It’s great that the generated model looks accurate with realistic shapes, but what about how it blends in the new scene? And what if the lighting conditions vary in the pictures taken and the generated model looks different depending on the angle you look at it? This would automatically seem weird and unrealistic to us. These are the challenges Snapchat and the University of Southern California attacked in this new research.

* Short Video Explanation:

[](https://youtu.be/88Pl9zD1Z78)
* Short read: [Create Realistic 3D Renderings with AI !](https://www.louisbouchard.ai/neroic/)
* Paper: [NeROIC: Neural Rendering of Objects from Online Image Collections](https://arxiv.org/pdf/2201.02533.pdf)
* [Code](https://github.com/snap-research/NeROIC)
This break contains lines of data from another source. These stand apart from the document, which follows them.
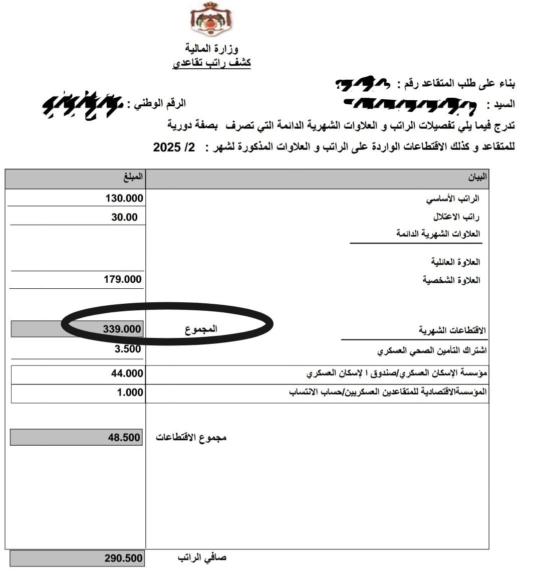 وفي الصورة ادناه يظهر ان الراتب الإجمالي (المجموع) "339" دينار اردني، وأن صافي الراتب "290.5"، وعليه يستحق المتقاعد العسكري زيادة فوق الراتب حتى يصل المجموع ل"350" دينار أردني.
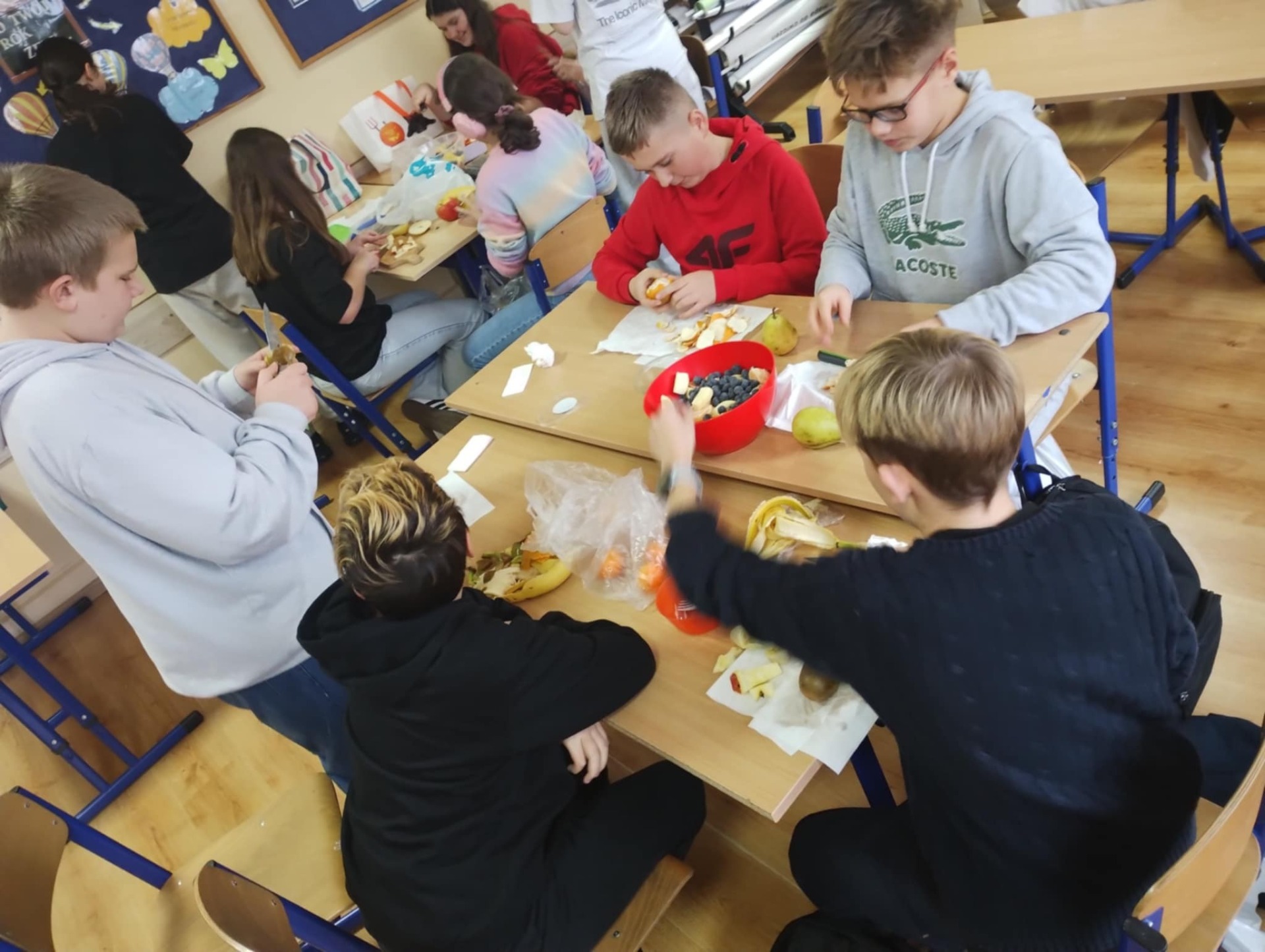 27 listopada na lekcji edukacji zdrowotnej z uczniami klasy VI przygotowaliśmy pyszne i zdrowe sałatki
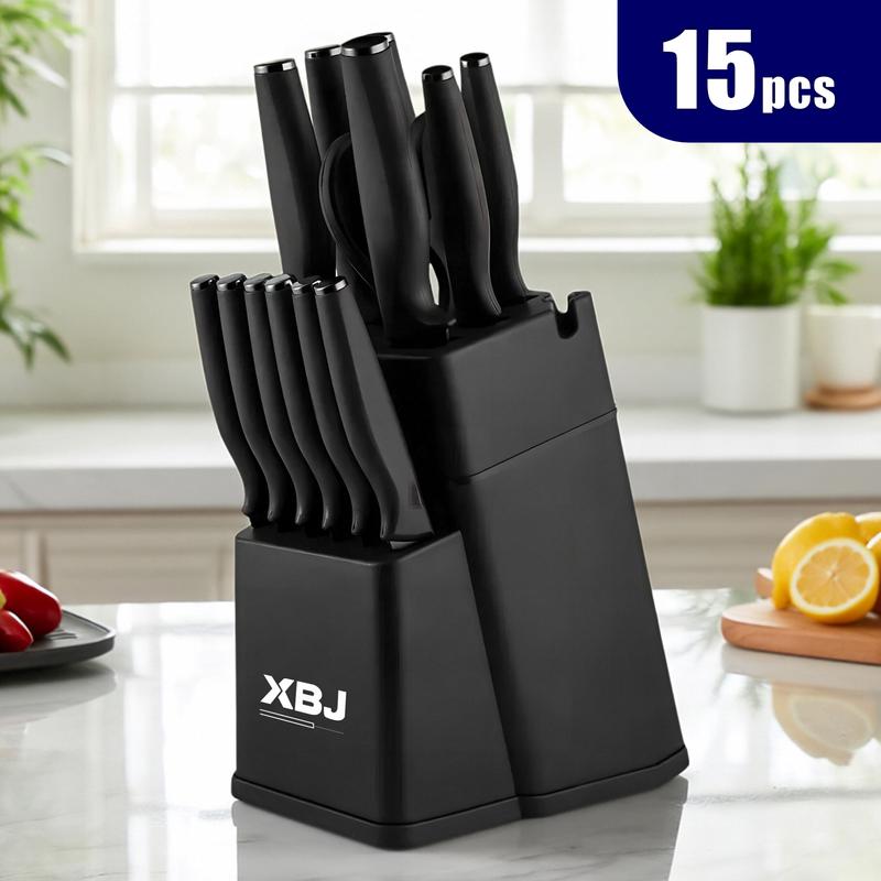 🌟 15-Piece Kitchen Knife Block Set 🌟
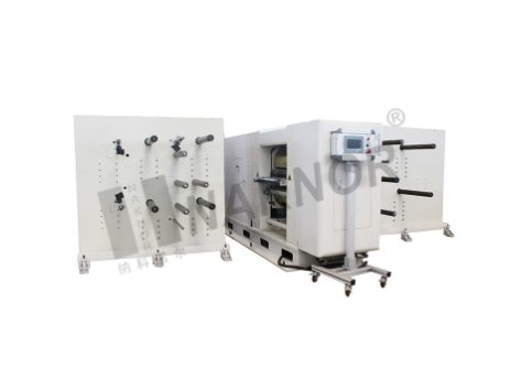 三支/四支放卷轴对碾压成型的产品及复合用基材进行放卷,通过高温辊碾压进而使电极层与基材进行热复合,复合完成后利用张力及纠偏控制将极片整齐地卷绕到在卷筒上。
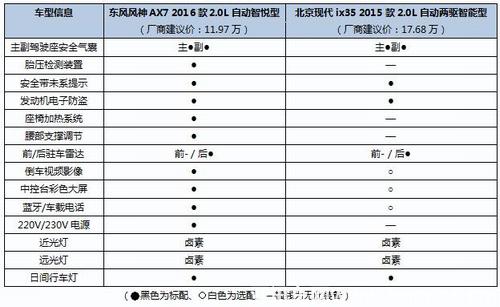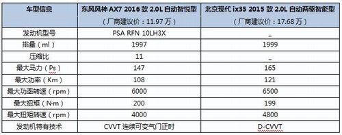 由于車型的不同,動(dòng)力上小編均選取兩款車中的兩驅(qū)高配車進(jìn)行對(duì)比分析——東風(fēng)風(fēng)神AX7的 2.0L自動(dòng)智悅型、北京現(xiàn)代ix35,2.0L自動(dòng)GLS。
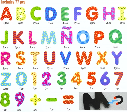 Az elemek megtapadnak a mágneses táblán, hűtőszekrényen vagy más fém felületen. Tökéletes mindennapi gyakorláshoz és szabad játékhoz.
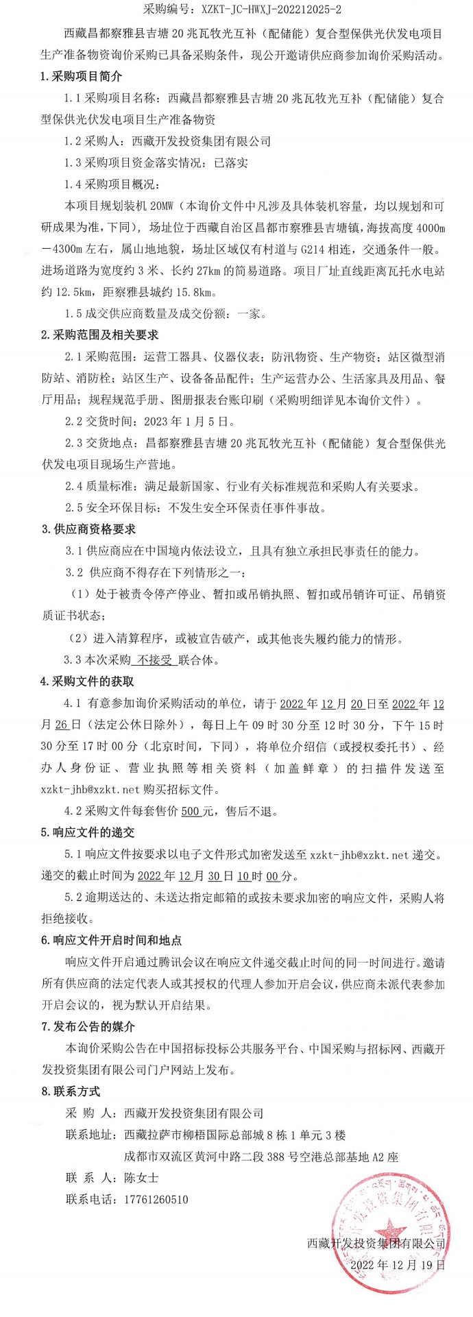 生產(chǎn)準(zhǔn)備物資詢價采購二次公告
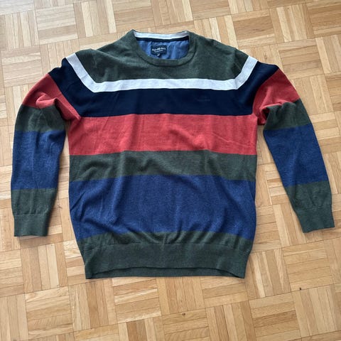 Gant genser for herre i størrelse XL. Genseren er laget av bomull og har brede grønne og mørke striper. Rund hals og lange ermer. Diskré Gant-logo på brystet. Passer til hverdagsbruk og kan kombineres med både jeans og chinos.
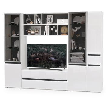 Гостиная Mobi Сидней № 32 – это современное решение для обустройства вашего интерьера. Комплект выполнен в элегантном бело-чёрном цвете с глянцевыми фасадами из МДФ, что придаёт ему стильный и лаконичный вид. Этот гарнитур идеально подойдёт для просторных гостиных, где важны и эстетика, и практичность.
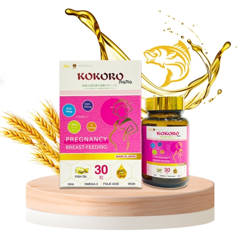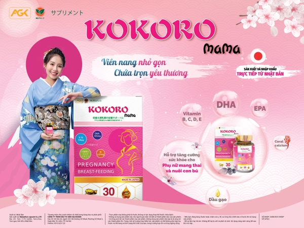 Vitamin tổng hợp KOKORO mama là sự kết hợp của hơn 18 loại vitamin và khoáng chất thiết yếu, cung cấp hàm lượng dinh dưỡng đa dạng và đầy đủ các chất thiết yếu trong thời kỳ mang thai của mẹ bầu. Sản phẩm được sản xuất tại nhà máy với 25 năm kinh nghiệm nổi tiếng tại Nhật Bản với tiêu chí chọn lựa nguyên liệu đầu vào khắt khe, viên nang mềm tiện lợi, với hàm lượng DHA 185mg/viên vô cùng cao kết hợp cùng dầu gạo (dưỡng chất quan trọng và mới) trong thực phẩm tốt cho tim mạch của thai nhi. Sản phẩm cũng đang hiện có bán tại các Hệ thống Nhà thuốc/ quầy thuốc/ siêu thị đồ Nhật cho mẹ và bé/ Phòng khám sản khoa trên toàn quốc tại Việt Nam.
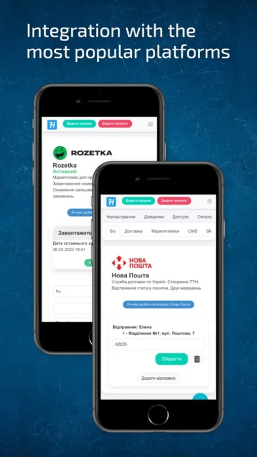 - receive orders from Prom.ua, Rozetka, Хорошоп, OpenCart, WooCommerce and control stock levels on all your platforms without leaving our system.
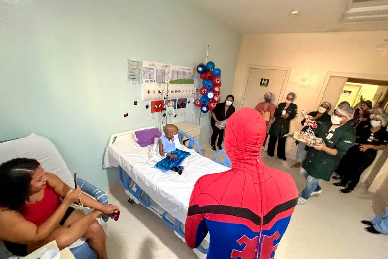 “Ele é fanático e desde muito pequenino fala que ama o Homem-Aranha, que é o personagem favorito dele. Ele sempre me pediu uma festinha assim, mas essa é a primeira vez que tem um bolinho de aniversário como esse. Não esperava que ele fosse ter isso no hospital. Estou muito feliz”, afirmou Glauciane.
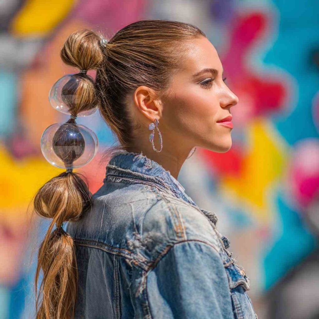 The bubble ponytail transforms a basic style into something playful and dimensional. By segmenting the ponytail into “bubbles,” this look creates visual interest and works surprisingly well across age groups.
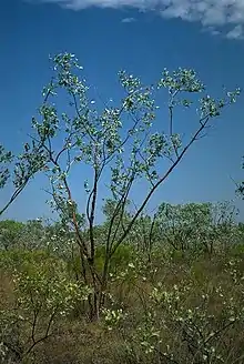 Eucalyptus ceracea also known as the Seppelt Range gum[2] or Seppelt Range yellow-jacket,[3] is a species of small tree or mallee that is endemic to a small area in the north of Western Australia. It has thick, fibrous or flaky bark on the trunk and larger branches, dull, glaucous, egg-shaped leaves arranged in opposite pairs, flower buds in groups of seven or nine, bright orange flowers and urn-shaped fruit. The leaves, buds and fruit are covered with a white wax.
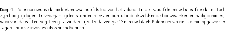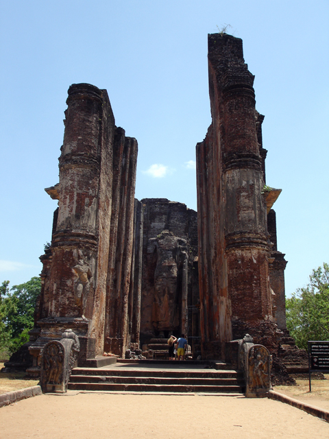 voornamelijk de funderingen nog terug te vinden en enkele wanden. We hebben onder andere het koninklijk paleis bezocht, de Vatadage: een dagoba met 4 zittende Boeddha’s, de Thuparama: de enige boeddhistische tempel met nog een dak en de Gal Viharaya: een rots waar drie varianten van Boeddha zijn uitgehakt, de zittende, staande en liggende Boeddha.

## SpeechPainter: Text-conditioned Speech Inpainting [4]
We’ve seen image inpainting, which aims to remove an undesirable object from a picture. The machine learning-based techniques do not simply remove the objects, but they also understand the picture and fill the missing parts of the image with what the background should look like.
The recent advancements are incredible, just like the results, and this inpainting task can be quite useful for many applications like advertisements or improving your future Instagram post. We also covered an even more challenging task: video inpainting, where the same process is applied to videos to remove objects or people.

The challenge with videos comes with staying consistent from frame to frame without any buggy artifacts. But now, what happens if we correctly remove a person from a movie and the sound is still there, unchanged? Well, we may hear a ghost and ruin all our work.

This is where a task I never covered on my channel comes in: speech inpainting. You heard it right, researchers from Google just published a paper aiming at inpainting speech, and, as we will see, the results are quite impressive. Okay, we might rather hear than see the results, but you get the point. It can correct your grammar, pronunciation or even remove background noise. All things I definitely need to keep working on, or… simply use their new model… Listen to the examples in my video!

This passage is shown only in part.